Use discourse as an OIDC (OAuth 2.0) provider.

Installation

To run distrust, copy the distrust.example.yml file to distrust.yml and customize it to your liking. Afterwards, run the binary or container image.

./distrust

You can also use a container engine like podman or docker to run distrust

podman run -d \
  --name distrust \
  -v $PWD/distrust.yml:/distrust.yml:Z \
  -p 3000:3000 \
  ghcr.io/parkour-vienna/distrust:$VERSION

Configuration

Configuring Discourse

To start using discourse as an OIDC provider, you need to configure your discourse instance. The following site settings need to be set:

  • enable discourse connect provider
  • discourse connect provider secrets - Here you need to add the domain of the distrust server and choose a secure secret

This configuration must then be entered in the distrust.yml file

discourse:
  server: https://your-discourse-installation.org
  secret: <your-chosen-secret>

Configuring the OIDC provider

The OIDC provider is based on ory/fosite and needs two configuration values to work. The first one is a 32-byte secret. It must be exactly 32 bytes long. The other parameter is the private key used for signing the tokens.

If you need a fresh RSA private key, you can run distrust genkey to generate one.

Both values can be left empty, however this will invalidate all tokens on a server restart

oidc:
  secret: 'some-exactly-32-byte-long-secret'
  privateKey: |
    -----BEGIN RSA PRIVATE KEY-----
    ....
    -----END RSA PRIVATE KEY-----

Configuring Clients

The last step is the configuration of clients. Here you need to specify a name, a client secret as well as the allowed redirect URIs.
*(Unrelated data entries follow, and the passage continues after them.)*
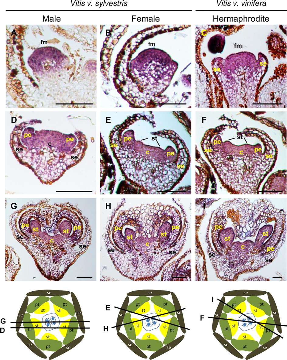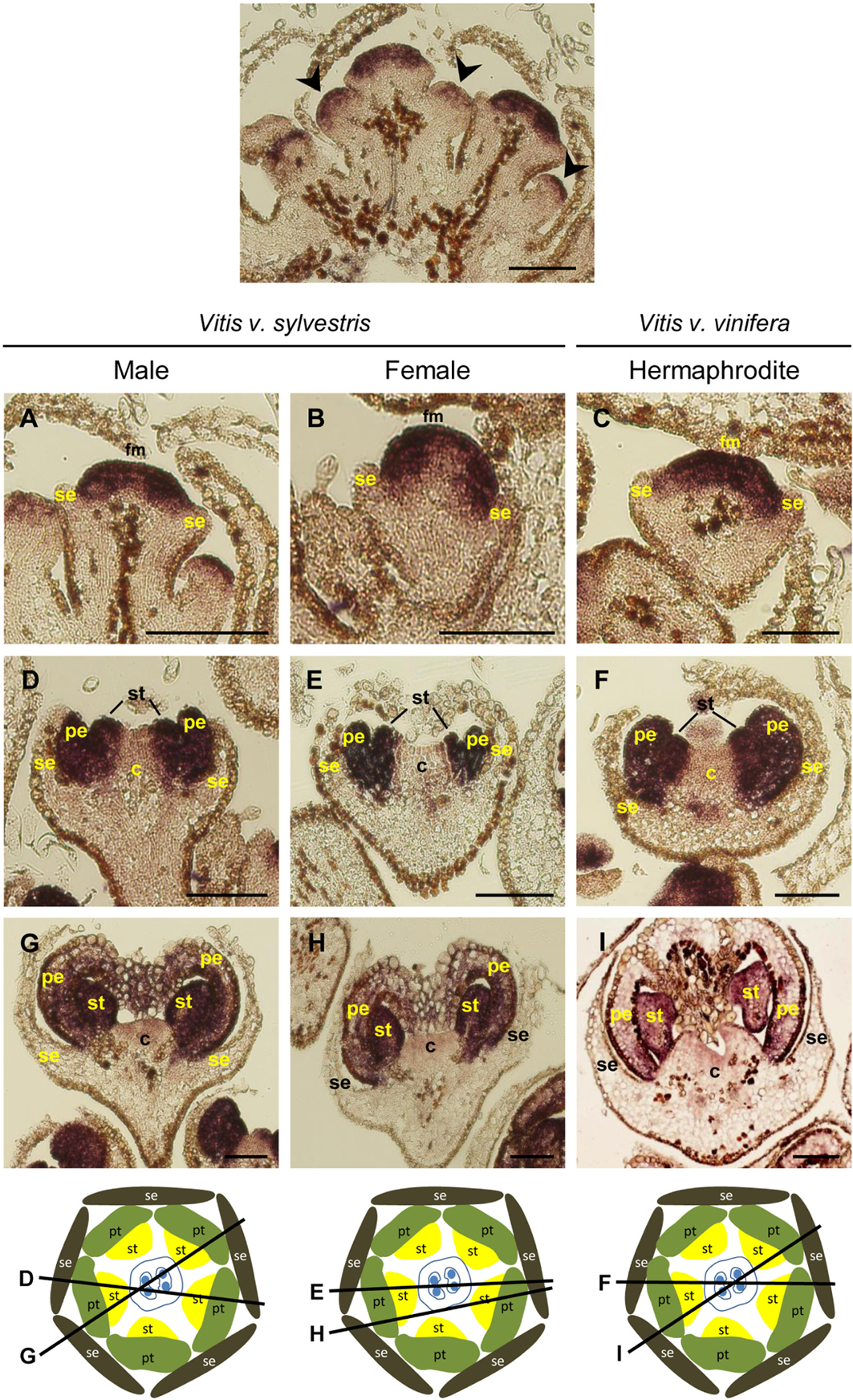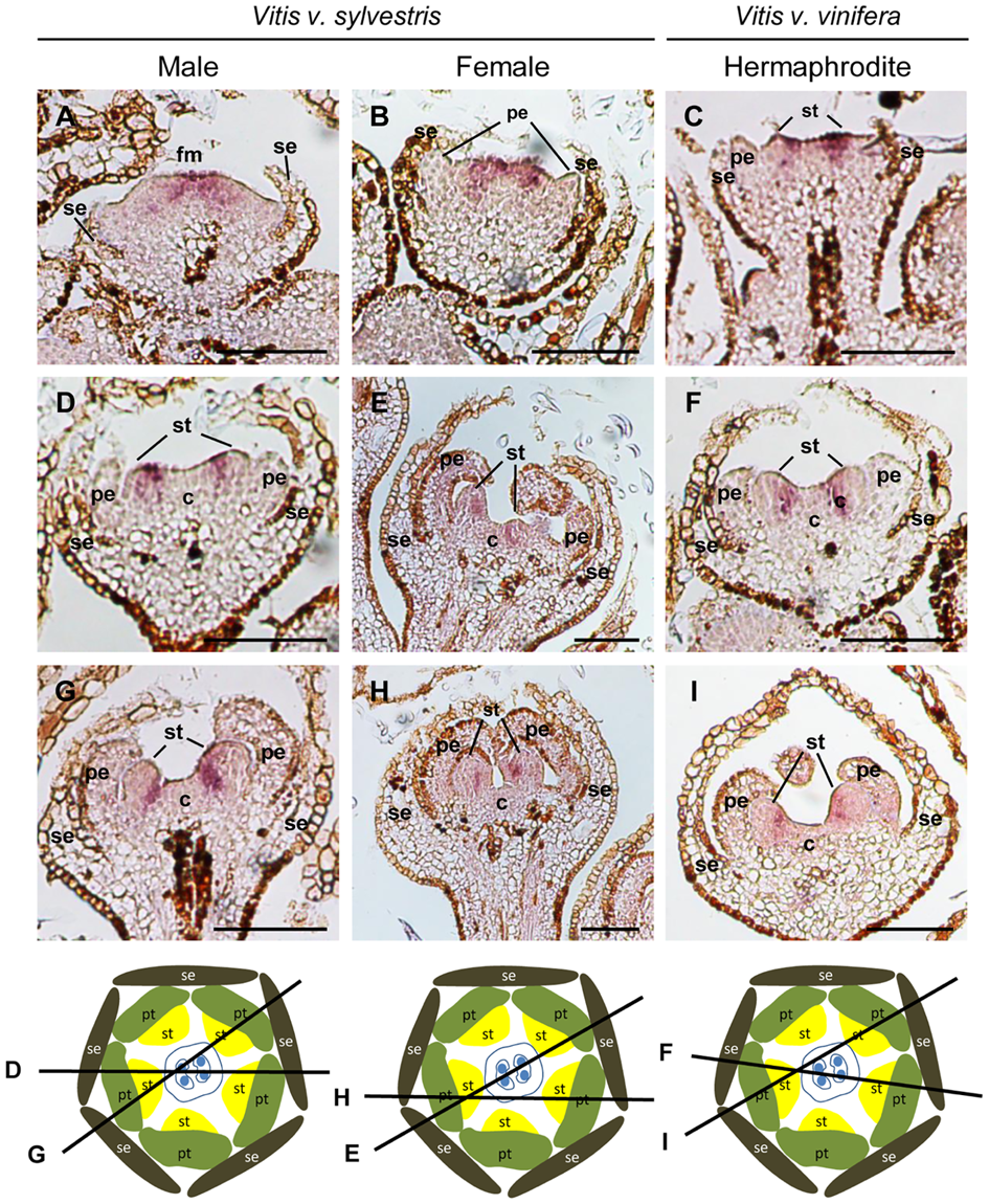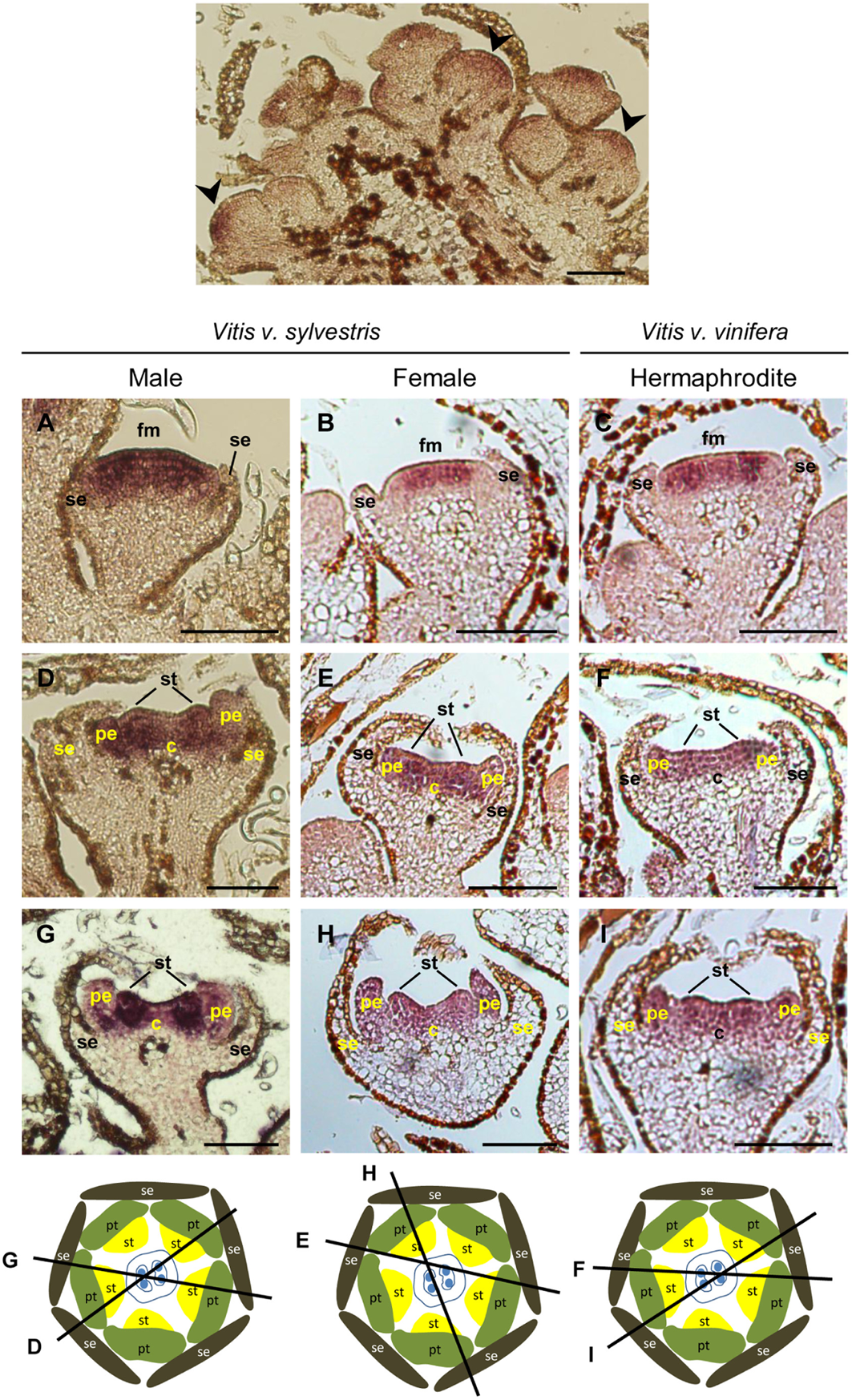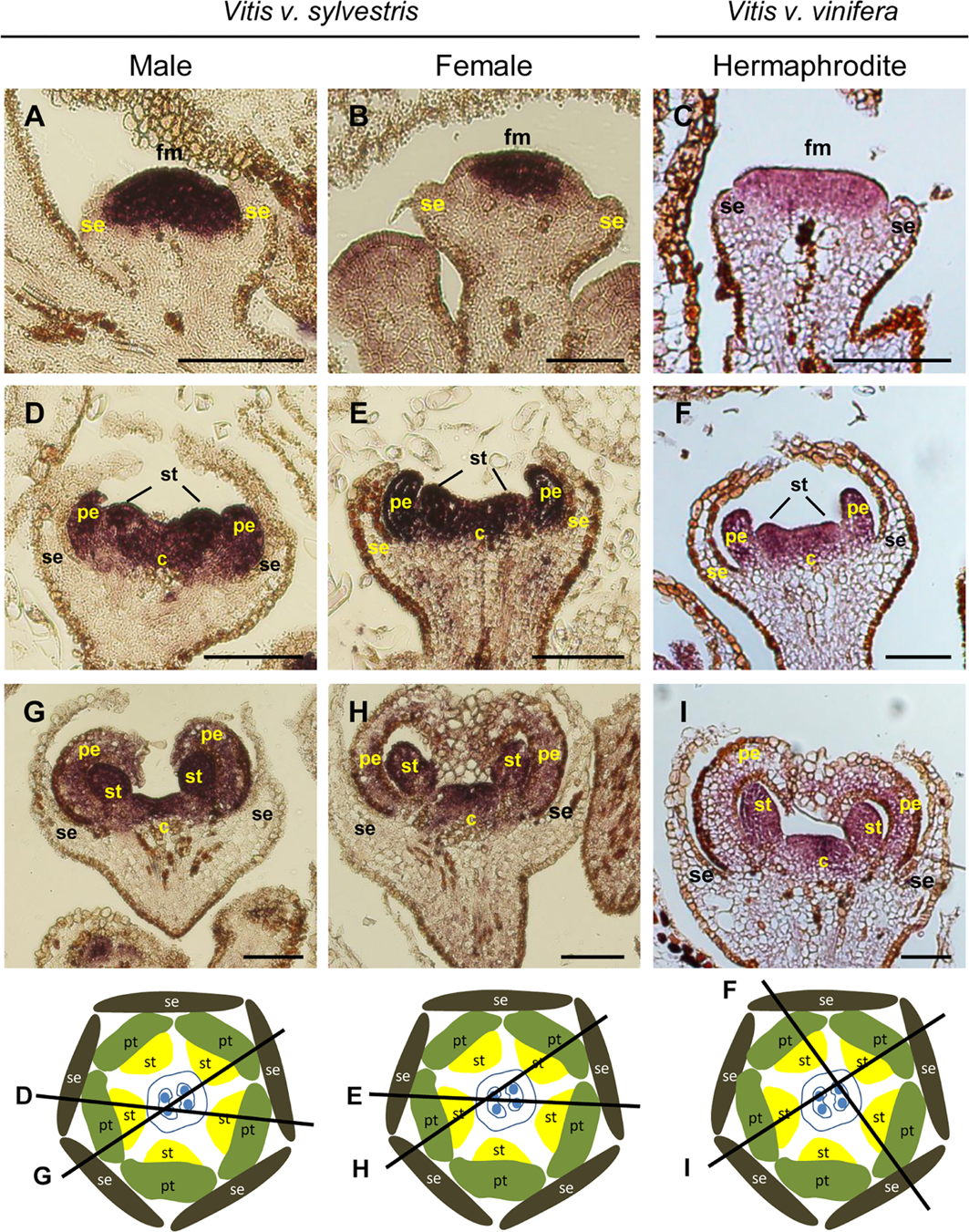 In situ hybridization of E- class gene VviSEPALLATA3 (VviSEP3) in developing flowers. VviSEP3 (VIT_01s0010g03900) expression analysis on longitudinal sections of wild and hermaphrodite Vitis inflorescences. Male: A,D,G; Female: B,E,H; Hermaphrodite (Her): C,F,I. VviSEP3 expression is similar in the three flower types throughout flower development. VviSUP3 is first detected in the central dome of the flower (A–C). When petals emerge VviSEP3 expression is excluded from the first whorl (D–F). In later development stages VviSEP3 remains in the second, third and fourth whorls (G–I). The diagrams represent cross sections with the corresponding figure indicated on each line. Abbreviations are as follows: fm, flower meristem; se, sepals; pe, petals; st, stamens; c, carpel. Scale bar, 100 μm.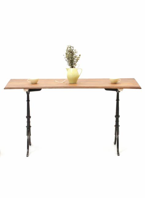 Bistrotisch der Jahrhundertwende mit Gusseisenfüssen nach Wahl und einer dunkel geölten Buche Platte mit Karnieskante.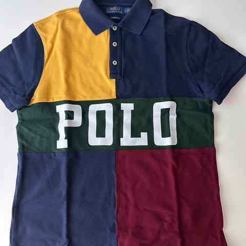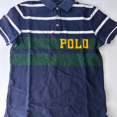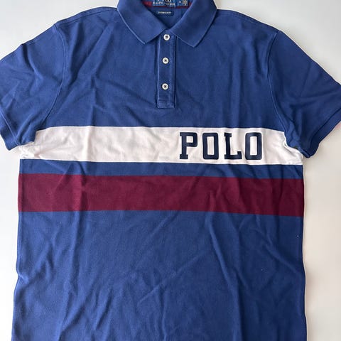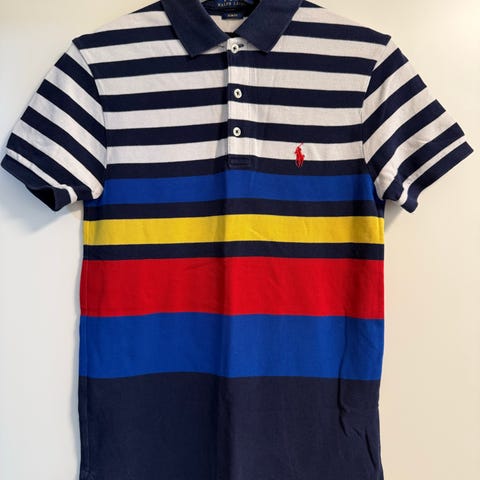Ralph Lauren Polo pique for menn i størrelse M. Piquen er laget i bomull og har krage med knappestolpe med tre knapper. Farge i ulike blåtoner med røde striper og stort gult «POLO»-trykk foran. Kortermet modell.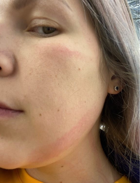Сильная аллергическая реакция. Следы красные от тейпа на лице (не проходят уже с момента написания отзыва 14 часов, сильный отек век.
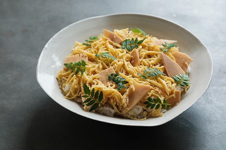 「つくり方に慣れるためにも、まずはシンプルなちらし寿司に挑戦してみましょう!具材は春らしく筍と木の芽、そして錦糸卵。この3つだけで、心も華やぐちらし寿司ができますよ」(真藤さん)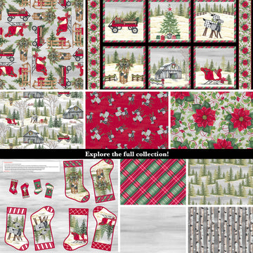 "It’s Christmas Time" pays homage to the holiday season on the farm. The barn is all decorated in lights for this festive season. Sleds and sleighs are loaded with presents to place under the Christmas tree. Through the falling snow, you can just barely see the birch tree forest. Accent your holiday decor with the plaid and snow filled patterns in this group. Get started by using the stocking pattern to spark your creative spirit. 100% Cotton.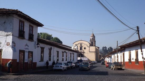und steigen eben die150 Hm zu Fuss nach oben. Droben beim Auto treffen wir auf ein Schweizer Camper-Pärchen, das soeben hellauf begeistert vom 7 stündigen Ausritt zum Kraterrand zurückkommt. Wir tauschen noch für eine Weile Erlebnisse und Erfahrungen aus, bevor wir uns wieder auf den Weg machen. In Angahuan schauen wir uns noch kurz die Kirche an,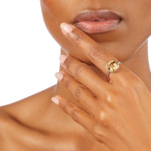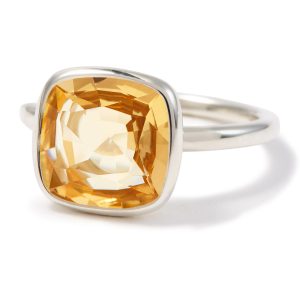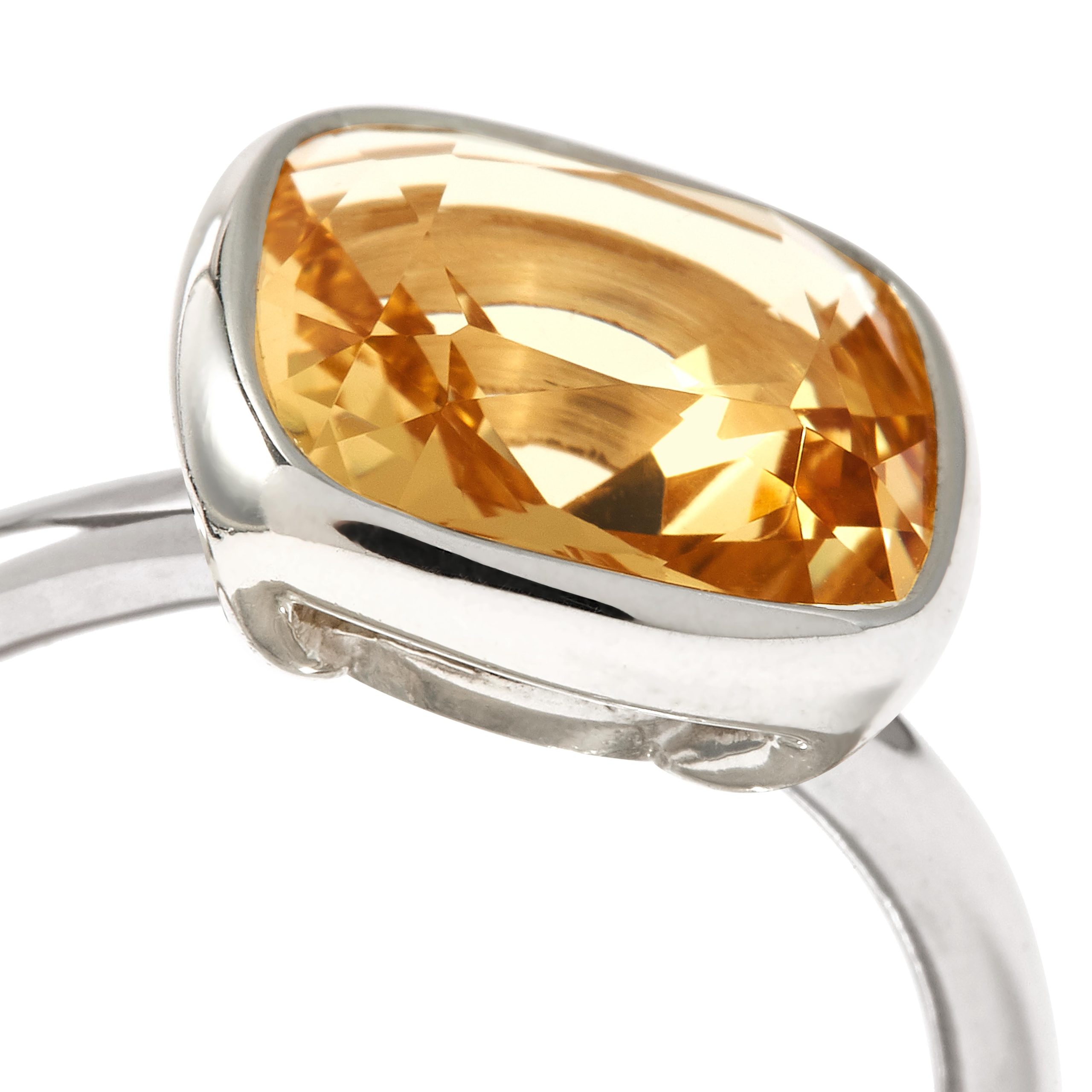 A beautifully subtle yellow citrine. This stone is a unique yellow variety of quartz in a delicate. warm sunlight shade. Its cushion cut measuring 10mm x 10mm brings out its unique tones and natural variations. Set in sterling silver with an open back to reflect and refract the light. The stone is approximately 3.10 carats in weight.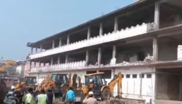 In Uttar Pradesh’s Kushinagar district, an illegally constructed mosque Madani Masjid was demolished by the administration on 9th February. The bulldozer action came after it was found that the mosque’s map was not approved and some part of it was built by occupying the land of the police station and municipality.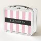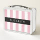 Pink Stripes, Striped Pattern, Lines, Your Name Metal Lunch Box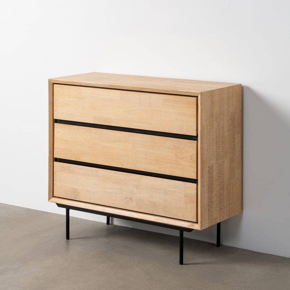 Material: estructura principal madera de caucho – Dm – metal. Patas: hierro (negro) Altura patas: 17cm. Medida cajones: 83x19cm. Patas para montar.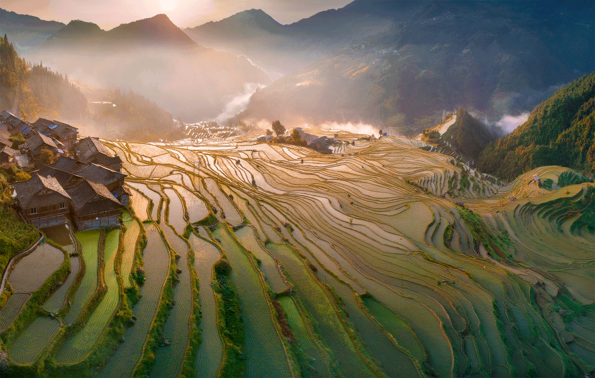 加榜梯田最佳观赏时间为:4-5月和8-9月。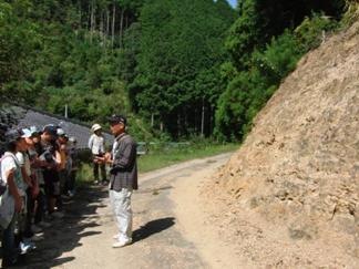 講師にお願いし、鳳来寺山で見られる地層や化石の学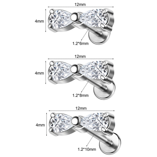 16g Bow Labret Ring Push in Stud Earring Threadless Conch Helix Lip Piercing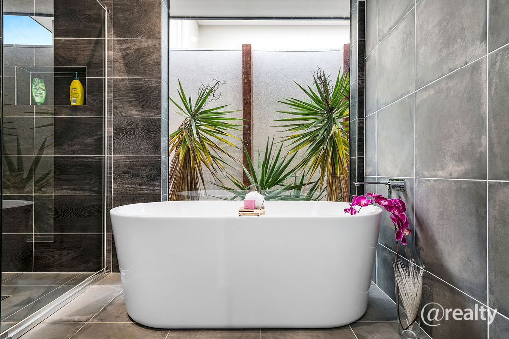 – Luxurious bathroom tiled from floor to ceiling with a deep set freestanding bathtub in a relaxing setting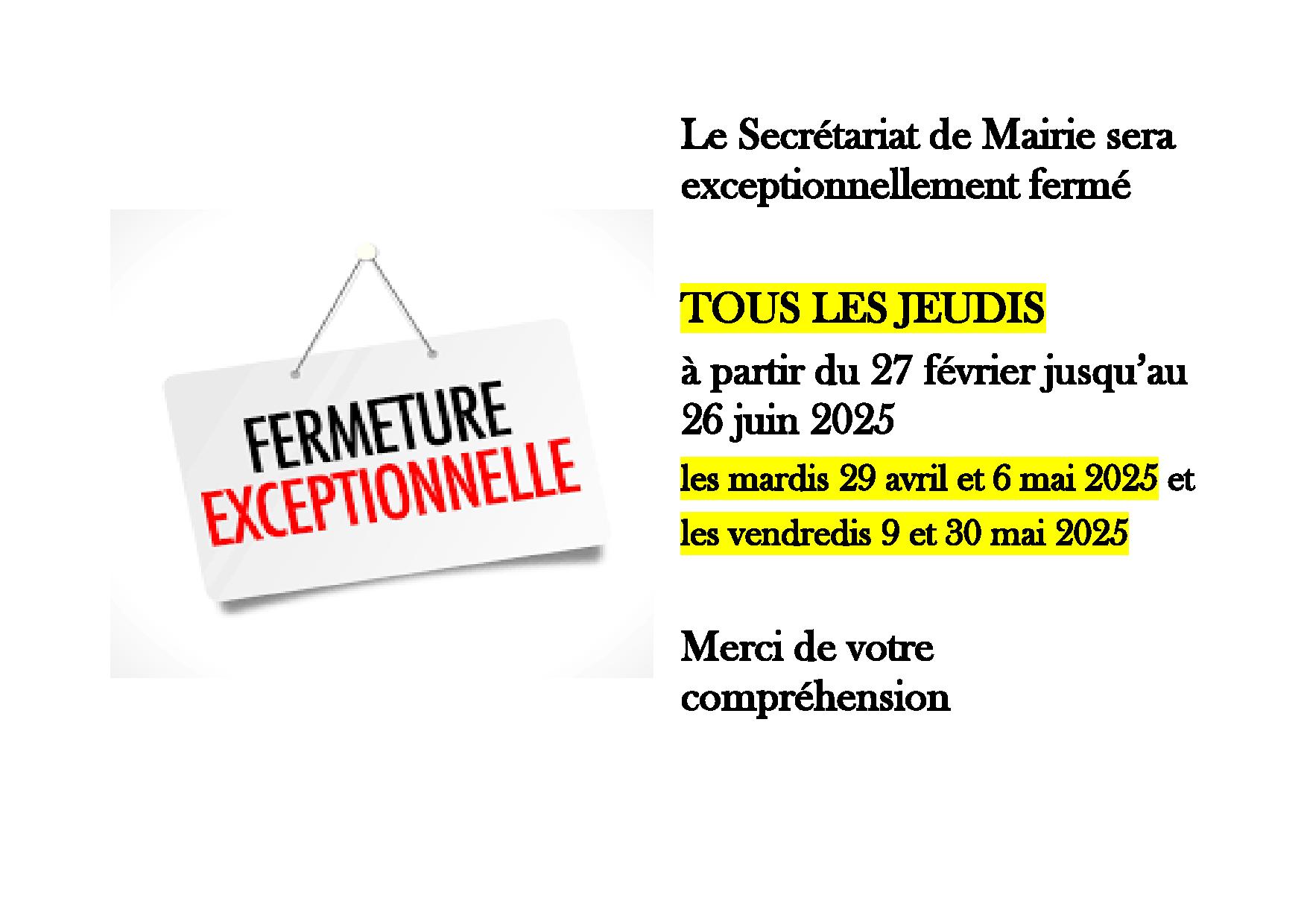 Général,La communeFermetures du secrétariat de Mairie Publié le 22 avril 2025 par Sylvie COLOMBON 3ème édition de la Journée Mondiale de la Terre Commémoration de l’Armistice du 8 mai 1945

As of this point, the redirect URIs do not support wildcards

The following example configures a client called test with the secret foobar which is authorized to redirect to the OpenID Connect test page

clients:
  test:
    secret: foobar
    redirectURIs:
      - 'https://openidconnect.net/callback'

If you do not want to provide a plaintext secret, you can also provide the secret as an already hashed bcrypt2 value

Group ACLs

In case you want your client to be only available for members of a certain group, you can populate the allowGroups or denyGroups fields in the client config. This will either allow or deny access on a client basis.

Usage by Clients

Distrust is based on ory/fosite, so you can refer to that project's documentation for how to interact with the OpenID Connect provider.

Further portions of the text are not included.